January 22, 2024 | Alexa Johnson
What Is Affordable Housing?
Affordable housing is generally defined as housing where the owner or occupant isn’t paying more than 30% of their gross income for housing costs. This includes your mortgage or rent as well as utilities, such as electricity, water, gas, internet, sewer, trash collection, and more. For example, if your gross income is $60,000, then affordable housing in your situation would mean spending no more than $18,000 per year (or $1,500 per month) on housing costs.
Housing affordability depends on several factors, including mortgage rates, rental prices, and local availability, among other aspects. The cost of most housing in the U.S. is determined by rental companies, banks, real estate appraisers, and more. These are all businesses whose main aim is to make money. Because of this, they often don’t care about whether housing is actually affordable to residents, as long as they make a profit.
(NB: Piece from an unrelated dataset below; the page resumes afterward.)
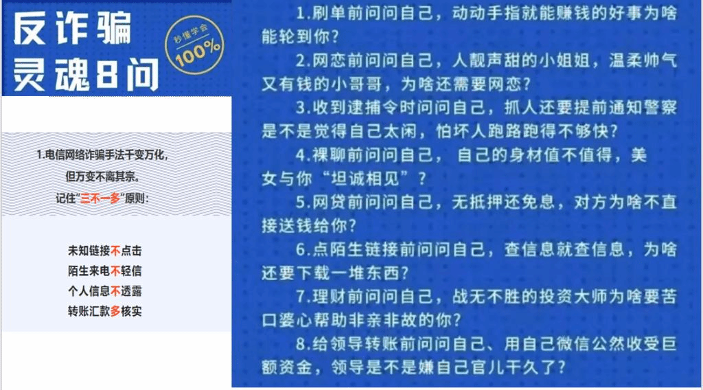 在电动车文明行驶专题会议结束后,肖晗对参会研究生进行了防诈骗培训。首先,肖晗提醒研究生下载“国家反诈中心”APP,未下载的同学应及时下载。之后,肖晗对刷单、网恋、被下逮捕令、裸聊、网贷、陌生链接、理财帮投、熟人(如领导)诈骗常见8类网络电信诈骗手段提出灵魂“8问”,他建议同学们,面对陌生来电来信,要多问自己,多思考,多细想,抓住逻辑的漏洞,不要给骗子可乘之机;面对电信网络诈骗手法多变,要坚持“三不一多”原则,即未知链接不点、陌生来电不信、个人信息不露、转账汇款多检。

As prices rise and supply dips, housing is becoming less affordable for an increasing number of Americans. Often, residents around the country end up spending the majority of their monthly income on housing costs, leaving them little to cover other essential things in their lives like food, transportation, medical care, and more. This especially impacts individuals with low and moderate income, as they cannot afford to pay more for their housing. That’s where affordable housing initiatives come in.
Cities, municipalities, and even certain organizations help to provide affordable housing for residents in their communities through affordable housing programs and other endeavors. These efforts involve building new single- and multifamily housing units, as well as renovating existing ones in order to provide safe, quality, and affordable housing for members in the community who may not otherwise be able to afford it.